Saturday, January 30, 2010

Garden Diary: Full Moon

This is moonrise on an early winter evening in late January. Rockets of cedar (Juniperus virginiana), an ancient Japanese weeping cherry, red maples, a fringe of still, icy cold vegetation edge the aperture of sky. As I walked out to look, it was a magical moment, just at the transition from light to dark.

The sky is mediator between the garden and the black, empty darkness of space in which the Earth, and we, exist - an ad hoc creation, an illusion simulated by our human perception of the small spectrum of electromagnetic radiation we call light. The beacon of the rising full moon brings me closer to an awareness of this connection. The garden becomes an almost spiritual place of transition from the quotidian affairs of a work day at home to a moment of mystery on the border of infinity. In all seasons, at all times of day or night, the sky projects a feeling, a mood - somber quietness on cloudy winter days, translucent inner glow of wetness in spring, optimism on those halcyon early summer days, blinding, insufferable heat and dryness of high summer, abundance turning to ripeness, and eventually ferment and rot, of autumn.

Thoughts of seasons to come, again and again, but eventually to end, for me, for us all. I think I'll always associate gardens with death. Not in a morbid way, but with a sense of peace and rest, something of the idea of paradise - not, god forbid, the idea of heaven up there beyond that cold, dark sky - but some earthly paradise of nonbeing.

What does all this have to do with the garden? Everything, don't you think?


  1. I'm sitting here typing this and looking at that very same moon, sharing your thoughts and wondering why it is so extremely intense this particular month.

  2. I read a student poem in college. It's title captures the image perfectly: the moon as salt lick.

  3. When I gaze upward I'm often reminded of just how incredibly fortunate we are to be spinning on the one round rock, within an unimaginable vast distance, that actually supports life. Double blessed are we to have evolved to the point of realizing, and for some, appreciating our place in the universe.

  4. Yes we are. We so easily forget how fragile it all is. The biosphere has the relative thinness of tissue paper. We're literally on the edge of existence, yet we can appreciate the beauty of a single weed, and we live without fear.

  5. It's been a big, beautiful and cold moon here. There's not much gardening to be done here now. Wandering out at night and looking at the moon and stars is about as good as it gets.
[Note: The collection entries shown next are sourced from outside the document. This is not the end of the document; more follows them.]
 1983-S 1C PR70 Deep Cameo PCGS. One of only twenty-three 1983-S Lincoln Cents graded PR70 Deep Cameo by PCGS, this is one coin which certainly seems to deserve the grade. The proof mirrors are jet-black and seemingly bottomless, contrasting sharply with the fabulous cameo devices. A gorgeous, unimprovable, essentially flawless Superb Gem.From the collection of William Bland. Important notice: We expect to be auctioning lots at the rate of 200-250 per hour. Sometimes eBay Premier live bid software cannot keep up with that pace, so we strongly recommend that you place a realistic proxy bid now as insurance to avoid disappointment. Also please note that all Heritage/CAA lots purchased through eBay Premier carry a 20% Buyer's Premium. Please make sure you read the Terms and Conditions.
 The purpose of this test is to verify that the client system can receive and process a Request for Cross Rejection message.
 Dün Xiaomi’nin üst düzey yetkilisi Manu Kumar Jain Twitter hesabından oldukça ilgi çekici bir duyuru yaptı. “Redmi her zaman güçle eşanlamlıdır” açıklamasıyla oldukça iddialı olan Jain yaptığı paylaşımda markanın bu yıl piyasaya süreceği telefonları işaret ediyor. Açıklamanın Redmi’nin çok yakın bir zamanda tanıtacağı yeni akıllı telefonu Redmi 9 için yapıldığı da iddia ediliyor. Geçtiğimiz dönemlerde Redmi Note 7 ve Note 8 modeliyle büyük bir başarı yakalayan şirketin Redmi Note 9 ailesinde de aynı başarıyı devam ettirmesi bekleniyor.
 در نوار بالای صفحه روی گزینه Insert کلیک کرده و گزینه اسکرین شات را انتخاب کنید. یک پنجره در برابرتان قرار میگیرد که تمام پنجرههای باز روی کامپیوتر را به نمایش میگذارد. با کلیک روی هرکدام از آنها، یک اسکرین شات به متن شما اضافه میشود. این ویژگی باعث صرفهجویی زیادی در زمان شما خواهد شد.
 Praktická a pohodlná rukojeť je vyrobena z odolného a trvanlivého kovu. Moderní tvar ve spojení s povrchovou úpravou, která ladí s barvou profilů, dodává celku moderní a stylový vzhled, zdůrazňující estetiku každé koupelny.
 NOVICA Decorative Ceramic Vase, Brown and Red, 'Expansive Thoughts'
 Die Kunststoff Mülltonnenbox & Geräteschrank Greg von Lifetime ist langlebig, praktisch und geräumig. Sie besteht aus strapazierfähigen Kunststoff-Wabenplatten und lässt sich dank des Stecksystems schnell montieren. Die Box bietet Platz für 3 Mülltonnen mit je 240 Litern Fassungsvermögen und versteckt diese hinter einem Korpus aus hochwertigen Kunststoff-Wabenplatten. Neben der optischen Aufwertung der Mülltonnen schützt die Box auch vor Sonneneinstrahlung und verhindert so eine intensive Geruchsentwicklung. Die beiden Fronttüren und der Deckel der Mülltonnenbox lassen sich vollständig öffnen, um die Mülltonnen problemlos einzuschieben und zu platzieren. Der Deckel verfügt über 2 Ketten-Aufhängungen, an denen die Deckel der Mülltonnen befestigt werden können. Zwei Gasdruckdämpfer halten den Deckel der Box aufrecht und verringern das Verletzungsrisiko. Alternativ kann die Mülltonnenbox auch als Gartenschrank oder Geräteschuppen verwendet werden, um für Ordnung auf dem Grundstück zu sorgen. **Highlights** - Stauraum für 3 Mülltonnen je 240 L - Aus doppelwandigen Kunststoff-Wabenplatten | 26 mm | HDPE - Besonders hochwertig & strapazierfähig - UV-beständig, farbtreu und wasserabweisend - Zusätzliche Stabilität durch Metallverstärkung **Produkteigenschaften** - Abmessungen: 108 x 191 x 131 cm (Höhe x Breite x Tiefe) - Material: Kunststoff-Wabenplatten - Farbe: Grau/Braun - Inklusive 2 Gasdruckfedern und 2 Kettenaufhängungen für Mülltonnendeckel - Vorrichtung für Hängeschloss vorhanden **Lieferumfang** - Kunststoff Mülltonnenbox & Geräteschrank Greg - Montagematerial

  6. Nothing like a big ole moon in the middle of winter, especially with a snow cover. I remember turning my car lights off late at night after a big snow and it was an amazing sight. Blue everywhere. (I don't normally drive at night without lights!)
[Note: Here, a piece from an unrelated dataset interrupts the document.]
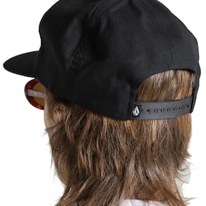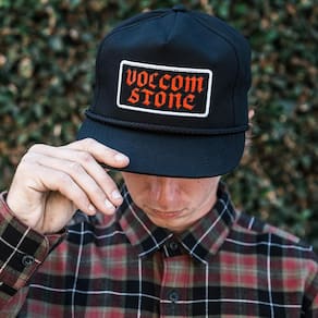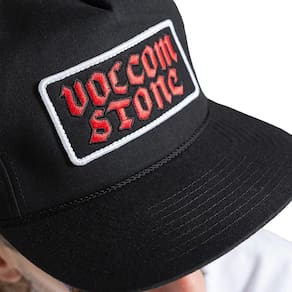 Boné Volcom de 5-panel, aba reta, patch frontal, corda trançada na aba e fechamento snapback.
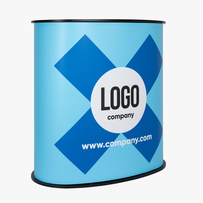 Op zoek naar een compacte en representatieve tafel-oplossing die direct een professionele indruk maakt? De Kidney Balie is perfect voor beurzen, promoties, events of ontvangstbalies. Dankzij de elegante, kidney‑vorm oogt je presentatie vriendelijk, toegankelijk en visueel aantrekkelijk. Je hebt de keuze uit twee hoogwaardige materialen voor de bodyprint. Beide opties zijn licht van gewicht, opvouwbaar en eenvoudig te wisselen. Het boven- en onderblad van de balie zijn gemaakt van 16 mm gelamineerd MDF, wat zorgt voor stabiliteit en een hoogwaardige uitstraling.

  7. I shiver just to look at these photos.

    Came over to check the mention on

    is ok.


  8. Ester,
    It's an honor to be mentioned by someone married to a Martian.
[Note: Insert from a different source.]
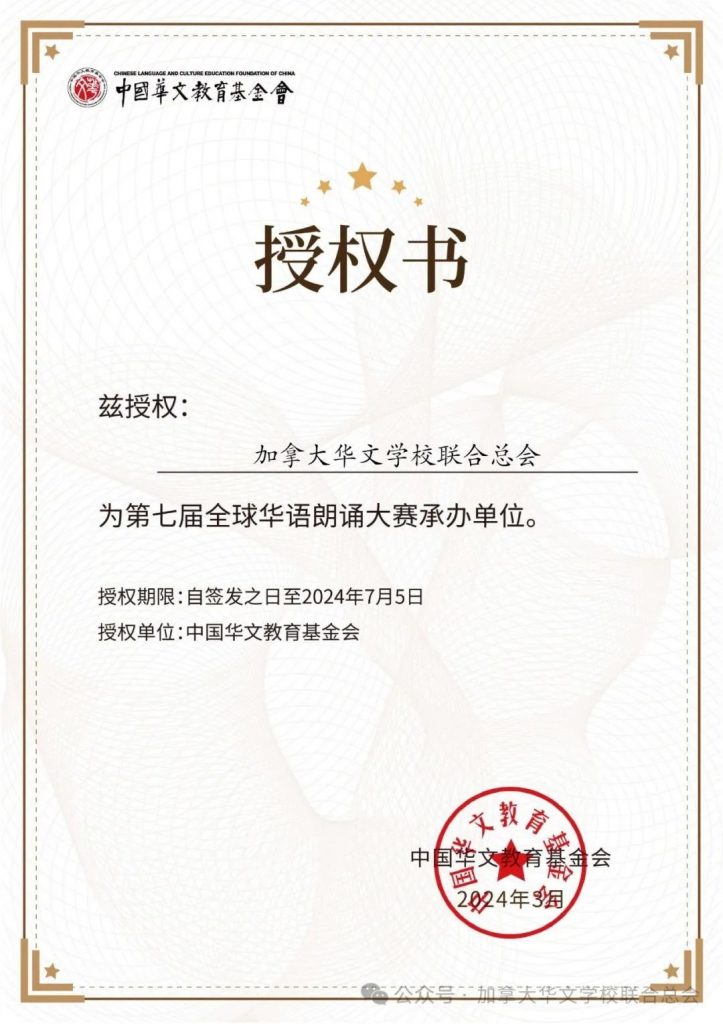 多元文化艺术 【第七届全球华语朗诵大赛】加拿大赛区选拔赛开始报名 2024年04月01日 主办单位:中国华文教育基金会国内协办单位:北京世侨优越国际教育科技有限公司资助单位:完美(中国)有限公司加拿大承办单位:加拿大华文学校联合总会冠名媒体:蒙城汇 全球华语朗诵大赛由中国华文教育基金会主办,自2018年至今已连续举办六届。数万名华裔学生通过参加大赛得到锻炼,收获成长;大赛得到学生、家长及当地社会的更多认同和信任,已经成为华裔青少年展现语言能力、树立民族文化自信的重要舞台,也成为华文学校展示教学成果和交流教学经验的有效平台。 2024第七届全球华语朗诵大赛已正式启动,加拿大华文学校联合总会很荣幸地继续成为本次大赛加拿大赛区的承办单位。感谢中国驻加拿大大使馆,蒙特利尔总领事馆和多伦多总领事馆对朗诵大赛的大力支持!欢迎所有的华文教育及相关团体组织学生报名参加。希望通过朗诵大赛向世界传达加拿大华裔青少年勇敢自信,传承中华文化的精神风貌! 参赛资格 在加拿大出生或在加拿大定居的3岁至18岁华裔青少年(在华校就读的非华裔青少年亦可报名参赛)。 组别 (1)幼儿组:3-6岁(2017.8.1至2021.7.31期间出生); (2)少儿组:7-10岁(2013.8.1至2017.7.31期间出生); (3)少年组:11-15岁(2008.8.1至2013.7.31期间出生); (4)青少组:16-18岁(2005.8.1至2008.7.31期间出生)。 除幼儿组外,其他3个组别的参赛选手截至比赛启动时,须在海外连续居住满3年以上。 作品选择 选手可选诵中外文学艺术作品,或自创作品,避免涉及易引发争议的敏感话题。 语言要求 为突出华裔青少年身份特征,选手在朗诵中可少量使用住在国官方语言(不超过作品总时长10%),并在其后以中文译文诵读;选手可部分使用在中国有较大影响力的方言(不超过作品总时长20%),如粤语、闽南语、潮州话、客家话、福州话、温州话、青田话等南方语系方言,并在其后将方言内容以汉语普通话诵读。 背景音乐 选手自主决定朗诵过程是否播放背景音乐,如播放背景音乐,仅可用纯旋律音乐。 影像要求 作品视频须一镜到底,横屏拍摄,MP4格式,1080p 30fps ,幼儿组作品时长不短于60秒,其余组别作品时长不短于90秒。以作品名称+选手姓名+参赛组别命名。 决赛奖项设置及奖励办法 国家奖项 (1)等级奖:金奖、银奖、铜奖、优秀奖; (2)单项奖:按组别设置最具潜质奖、最佳风采奖、最佳形象奖; (3)优秀组织奖:主办方根据承办机构对赛事的组织情况进行综合评定,评选出优秀组织奖。 加拿大赛区额外奖金 在全球获得金银铜奖的额外奖励: 金奖:$200 银奖:$100 铜奖:$50 为所有参赛选手颁发荣誉证书。 国家奖励办法 (1)根据比赛成绩和各赛区参赛选手数量分配集结营名额。 (2)向晋级决赛的选手颁发电子版荣誉证书,向其他参赛选手颁发纪念证书,纪念证书由承办机构发放。 (3)部分优秀作品将在国务院侨办网站、“云上华文”平台、中国华文教育基金会微信视频号等平台展示,基金会也会将优秀作品向国内各大媒体进行推荐。 报名及作品提交 *报名程序中有参赛学校名称,请选择你所属或选择的学校 *即日起开始报名,截止日期:4月20日(4月20日以后收到的所有报名无效) * 作品上传截止日期:4月30日(4月30日以后收到的作品的视作无效) 扫描下方二维码报名并提交作品(请家长用自己谷歌账号登录,可先报名,后使用同一账号提交作品) 或复制下方链接:↓ `https://docs.google.com/forms/d/e/1FAIpQLSfvTf2o4BLGW99u6OhW4MZ5LFp5tHHAXkEFMRNlUZl9eMB6Fg/viewform?usp=sf_link 文件名写明:参赛选手姓名+组别 免费培训选手 报名参赛的所有学生,免费接受国家级专家赛前辅导的多类培训。 比如: 扫码联系我们 扫码联系我们 特别声明 选手提交参赛视频即视为授权主办方拥有选手在视频中的肖像使用权,主办方承诺视频仅用于与大赛相关的媒体宣传活动。 参赛选手按照年龄分组报名,不得降级虚报组别;请勿在不同承办机构重复报名参赛,否则将取消选手参赛资格。 主办方享有赛事全过程的其他权益。 主办方享有本次赛事最终解释权。 协办和参赛单位 (按加盟时间顺序排列) 蒙特利尔孔子学校 加拿大多元国际教育 博尔沙中文学校 更优双快中文学校 加拿大易中文学校 渥太华欣华中文学校 友仁学堂 GMCCA蒙克顿中文学校 小龙人汉语 大温莎中国艺术学院 香柏文化中文学校 大宇语言艺术研习社 张韩声乐工作室 凤力朗诵主持工作室 加中友谊促进会 紫龙语言工作坊 加拿大慧鱼教育 蒙特利尔书法家协会 渥太华天天中文学校 欢迎加盟 支持媒体 (按加盟时间顺序排列) 西岛生活 加拿大共生国际传媒 魁北客 加拿大华艺传媒新闻网 新加园 HiCity 蒙城今日 侨社速报 华人头条 加拿大华文融媒体新闻 传奇文化传媒 轻松加拿大 环球华语电视台 . 欢迎加盟 支持单位 加拿大蒙特利尔华人联合总会 加拿大上海商会 加拿大满城华人服务中心 南岸华人服务中心 . 招集参赛单位 欢迎更多华文学校、华文教育机构及华人社团成为协办和参赛单位 欢迎友情赞助 欢迎华文教育有情结的更多商业机构和个人赞助本次活动 欢迎媒体加盟 欢迎支持媒体加盟本次比赛 加拿大华文学校联合总会是一个非盈利,非政治,非宗教的社会团体。协会旨在促进全加拿大华文教育的开发和中华文化的宣传,联合华文教育和中华文化宣传领域资源,互通有无,为当地华文教育

  9. To think that humans have been to the moon, something that not long ago might have seemed so distant, unattainable. Still, I like how you'd willing to settle for an earthly paradise. Maybe I'm too oldschool to ever really want to be part of things of the sky. There's happiness to be had in this thin skin of Earth's crust, with life-giving light coming from above and equally sustaining materials from the ground below. The sky goes on forever. What we have here is so much rarer.

  10. James,
    Pascal said something like "what frightens me is the spaces between the stars." I choose earth, fragile and temporary as it is. (Not sure about the Pascal quote, though.)